In terms of the circular dated April 13, 2015 issued by the SCLSC adopting the circular issued by NALSA dated February 19, 2015), all legal aid cases which are to be filed before the Supreme Court, are to be prepared and processed by the HCLSC, before they are dispatched to SCLSC for filing.

On completion of documents the matters which are civil in nature or criminal in nature confined to the cases pertaining to the complainant, quashing, transfer, etc. are referred to the Screening Committee consisting of Senior Advocates to render opinion on the merits of legal aid applications. The cases recommended by the Screening Committee are processed further. The cases of persons under judicial custody/prison are directly assigned to the panel advocate for filing the matter before the Supreme Court. The assignment letter assigning the case to the panel advocates specifically stipulates to file the case within 15 days. There is a Login ID of each Panel Advocate and the legal aid applications along with documents which are scanned and indexed are also available in the respective Login IDs immediately on assignment. The panel advocates and the legal aid applicant can communicate directly on the address and
contact number of both given in the assignment letter. However, there is no timely official communication by the panel advocate regarding the filing of the case before the Supreme Court or the orders passed by the Supreme Court till the submission of bill and return of documents by Panel Advocate to SCLSC after disposal of the matter. 

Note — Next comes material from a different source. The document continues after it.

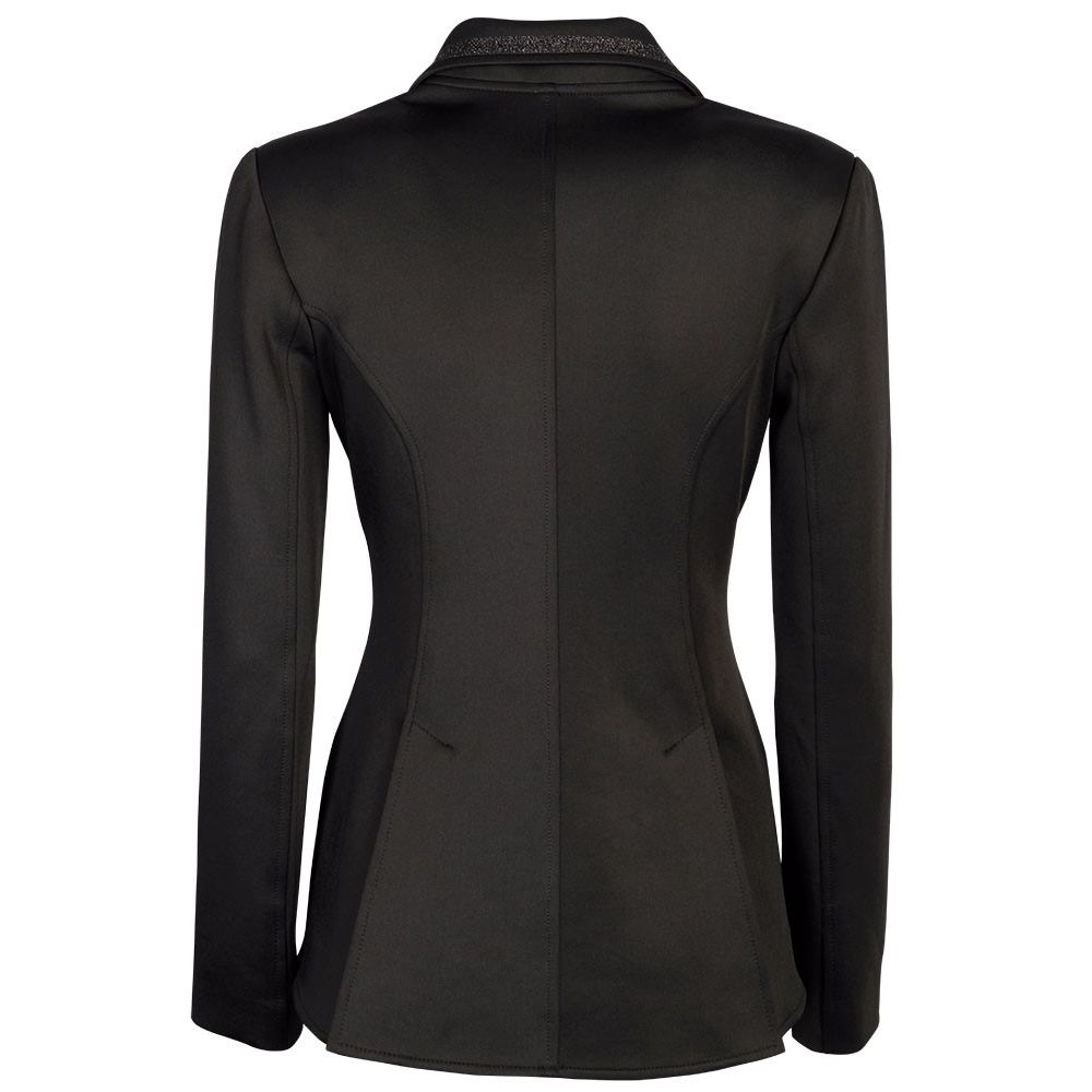 Für eine perfekte Passform ist das Jackett mit einem kristallenen Knopfverschluss ausgestattet, unter dem sich ein praktischer Reißverschluss verbirgt – für sicheren Halt und eine elegante Optik zugleich. Dezente Glitzerdetails am Kragen und an den Aufschlägen setzen stilvolle Akzente, ohne aufdringlich zu wirken.

In response to directions (iii), i.e., availability of adequate infrastructure and staff to deal with the load of SCLSC, it was submitted that SCLSC is well equipped with infrastructure and staff.

In response to directions (iv), i.e., the reasons for delay, and how have those been addressed, it is submitted that the reasons for delay are broadly identified as under:
(a) Submission of legal aid application after delay by the legal aid applicant;
(b) submission of incomplete documents by the legal aid applicant;
(c) delay caused by the panel lawyers in filing the petitioner after assignments of the matter.
(d) Translations of vernacular documents, custody certificate to be obtained from jailors, retrieving records from the high court in case of appeals, collating information from the litigant/ or next friend in case of death of parties are some of the causes for delay.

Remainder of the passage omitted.